我正在开发一个基于Web服务的应用程序,而且由于向Web服务发送请求太快,我已经陷入了崩溃的困境。我根本无法让GCD在Swift 3中工作,而且我在摸不着头脑。我决定将其愚蠢,然后尝试按顺序将4个Web图像加载到Web视图中。基于我在网上看到的所有内容,以下代码应该可以正常工作,但是在所有四个图像加载之前,它仍然会冻结UI。我做错了什么?
import UIKit
let imageURLs = ["http://www.planetware.com/photos-large/F/france-paris-eiffel-tower.jpg", "http://adriatic-lines.com/wp-content/uploads/2015/04/canal-of-Venice.jpg", "http://hd-wall-papers.com/images/wallpapers/hi-resolution-pictures/hi-resolution-pictures-5.jpg", "http://hd-wall-papers.com/images/wallpapers/hi-resolution-pictures/hi-resolution-pictures-1.jpg"]
class Downloader {
class func downloadImageWithURL(_ url:String) -> UIImage! {
let data = try? Data(contentsOf: URL(string: url)!)
return UIImage(data: data!)
}
}
class ViewController: UIViewController {
@IBOutlet weak var imageView1: UIImageView!
@IBOutlet weak var imageView2: UIImageView!
@IBOutlet weak var imageView3: UIImageView!
@IBOutlet weak var imageView4: UIImageView!
@IBOutlet weak var sliderValueLabel: UILabel!
override func viewDidLoad() {
super.viewDidLoad()
// Do any additional setup after loading the view, typically from a nib.
}
override func didReceiveMemoryWarning() {
super.didReceiveMemoryWarning()
// Dispose of any resources that can be recreated.
}
@IBAction func didClickOnStart(_ sender: AnyObject) {
let serialQueue = DispatchQueue(label: "syncQueue")
serialQueue.sync{
let img1 = Downloader.downloadImageWithURL(imageURLs[0])
DispatchQueue.main.async(execute: {
self.imageView1.image = img1
})
}
serialQueue.sync{
let img2 = Downloader.downloadImageWithURL(imageURLs[1])
DispatchQueue.main.async(execute: {
self.imageView2.image = img2
})
}
serialQueue.sync{
let img3 = Downloader.downloadImageWithURL(imageURLs[2])

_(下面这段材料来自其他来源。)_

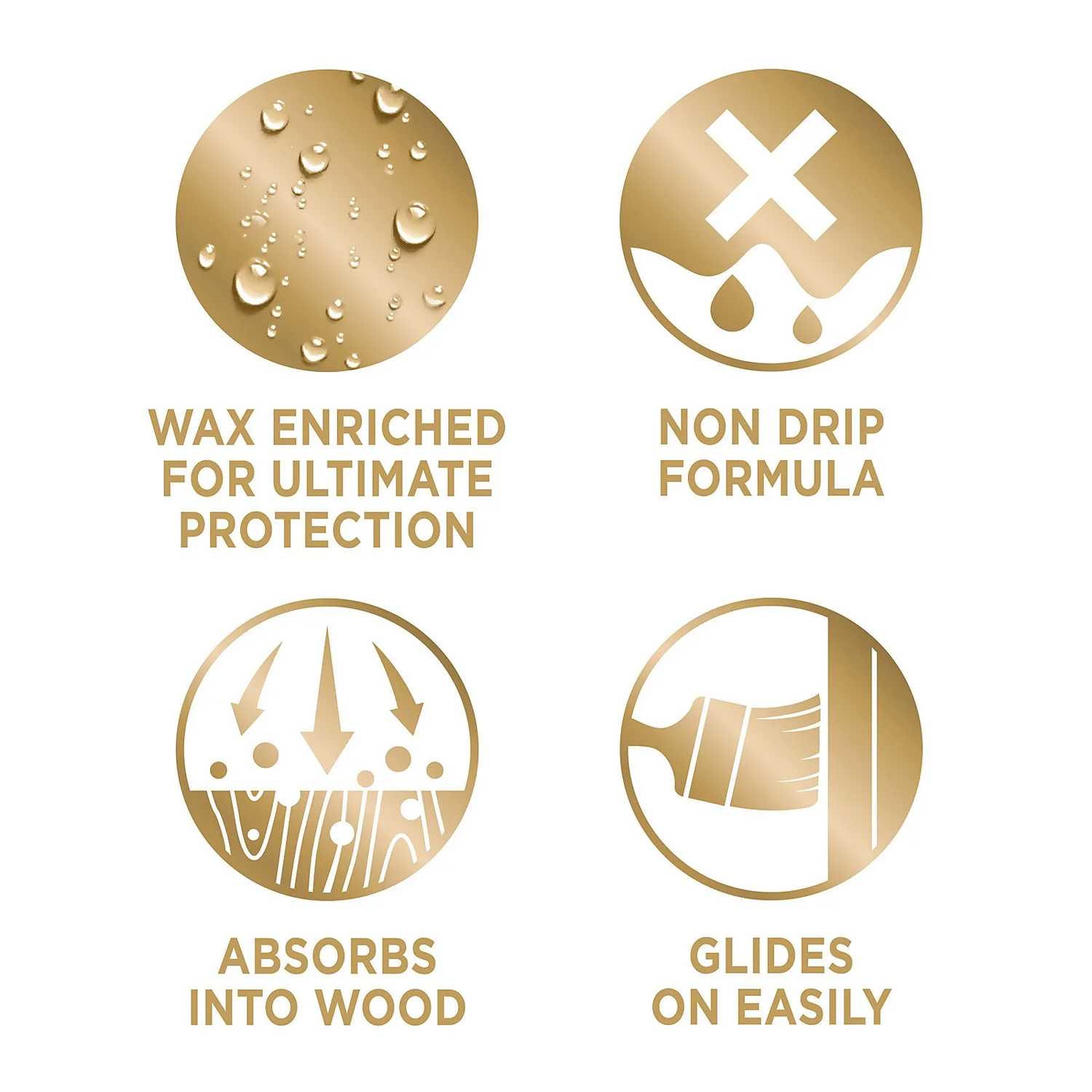 | Additional Information | Stir thoroughly before use, try a test area first to ensure that colour and adhesion are acceptable. Apply 2-3 coats evenly along the grain avoiding overlaps. Allow 2-4 hours between coats under normal weather conditions. This product is wax enriched to repel water. Recoat within 2-3 days of previous coat. If a longer period elapses try a flat a test area to ensure product is not repelled, product performance will be reduced if applied to grey and weathered smooth wood. Do not apply in temperatures below 5C, in damp conditions or if rains likely before the product has dried. Please note that the colour in the tub may be different to the final shade when dry. Where a strong colour change is involved, more coats may be required. If using more than one can it is advisable to mix them together in a larger container or finish in a corner before starting a new can. |
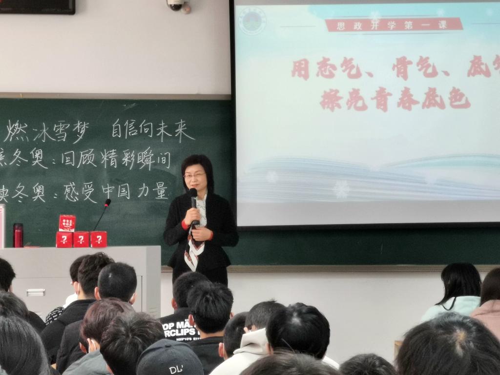 李桂贞书记认真听了张倩老师的授课,并对张倩老师的课做了高度评价。她认为,张倩老师的课理论联系实际,深入浅出,紧密结合北京2022年冬奥会赛事,向同学们解读了中国制度、中国科技、中国文化等元素,全面立体展示了中国阳光、富强、开放、充满希望的国家形象,号召同学们学习各国奥运健儿激情拼搏的故事,坚定信心,勇毅前行,为实现第二个百年奋斗目标而不懈努力。整个教学环节组织有序,生动活泼,达到了开学思政第一课的教学目的,是一堂高质量、高水准的思政课。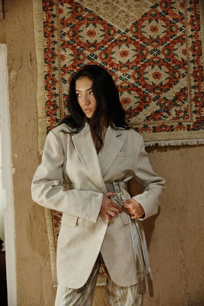 Из must have моделей этого сезона — льняные брючные костюмы-двойки. Жакет дополнен двойным поясом, а в брюках основной акцент сделан на талии. Тонкий поясок сзади позволяет носить изделие не только по официальным поводам, но и сочетать их с открытыми топами и делать образ более нарядным и свободным.
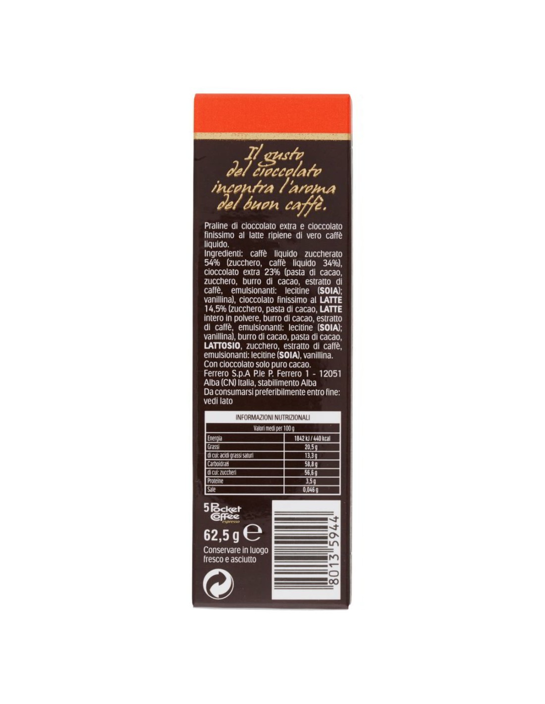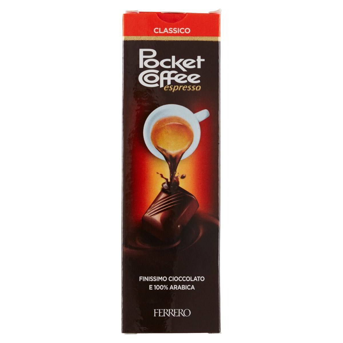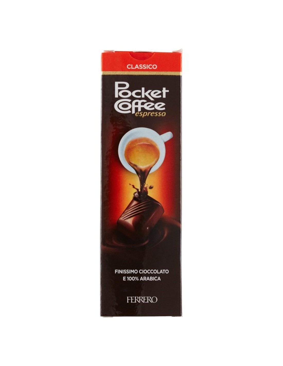 Pocket Coffee Espresso Classico vereint den intensiven Geschmack von Espresso mit der Süße von Zartbitterschokolade. Jeder Bissen enthält eine Mischung aus hochwertigem Espresso, umhüllt von einer Schicht Schokolade, für ein einzigartiges Genusserlebnis. Ideal für eine süße und belebende Pause, perfekt für alle, die Espresso lieben, aber auch eine Prise Süße genießen möchten.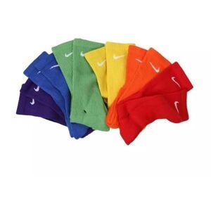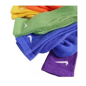 Elevate your workout game with these colorful Nike Everyday Plus Cushioned Crew Training Socks. Made with a blend of polyester, spandex, and cotton, these mid-calf socks are perfect for gym and training activities. The cushioned feature provides comfort and support, while the multicolor design adds a pop of style to your workout outfit.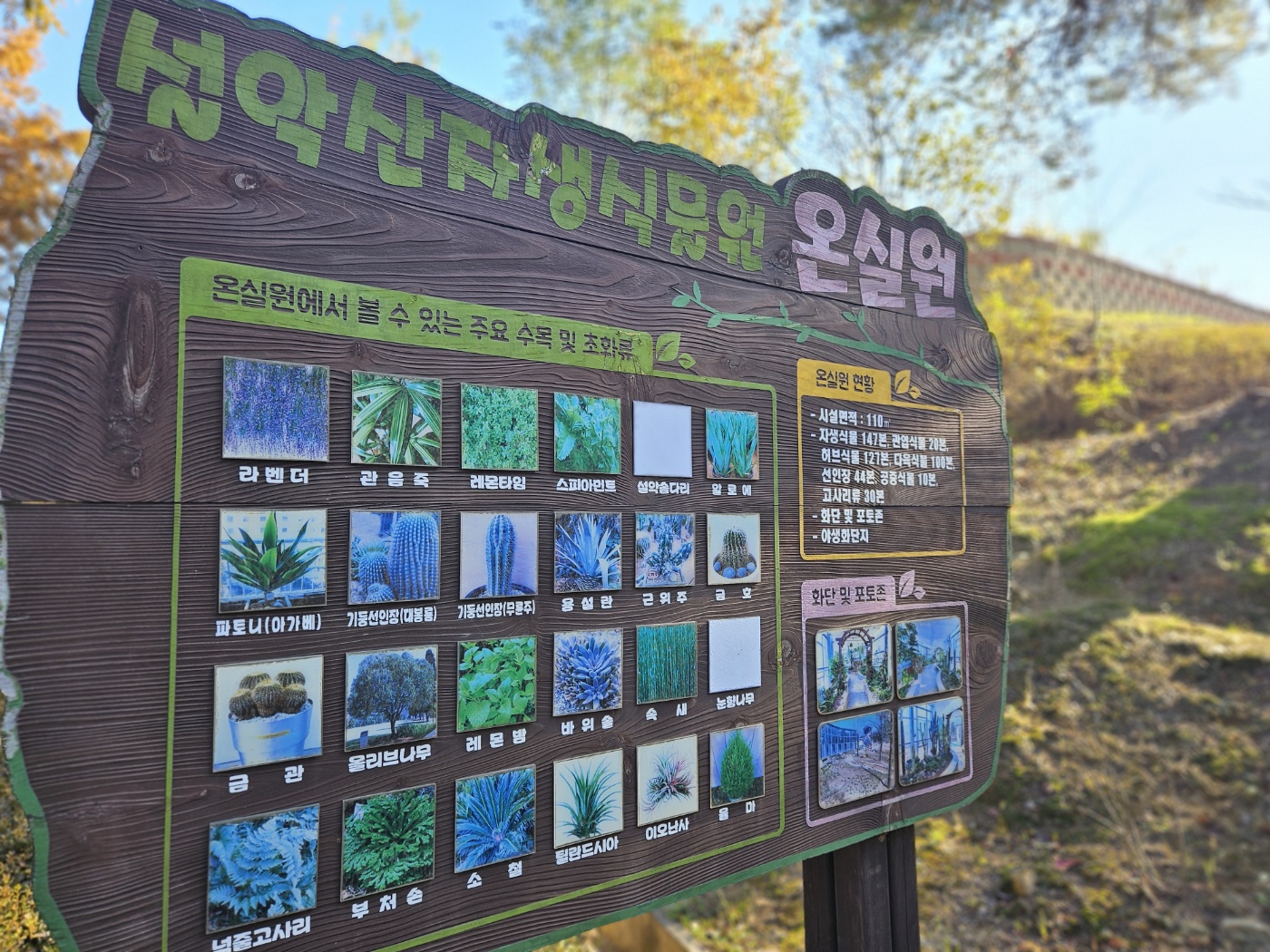 출구 쪽 안내판에는 라벤더, 알로에, 금관화 같은 식물 사진이 붙어 있어

DispatchQueue.main.async(execute: {
self.imageView3.image = img3
})
}
serialQueue.sync{
let img4 = Downloader.downloadImageWithURL(imageURLs[3])
DispatchQueue.main.async(execute: {
self.imageView4.image = img4
})
}
}
@IBAction func sliderValueChanged(_ sender: UISlider) {
self.sliderValueLabel.text = "\(sender.value * 100.0)"
}
}
答案 0 :(得分:1)
冻结用户界面
因为您正在呼叫serialQueue.sync。您几乎从不想要致电sync,在这种情况下,您肯定不会。请改用async。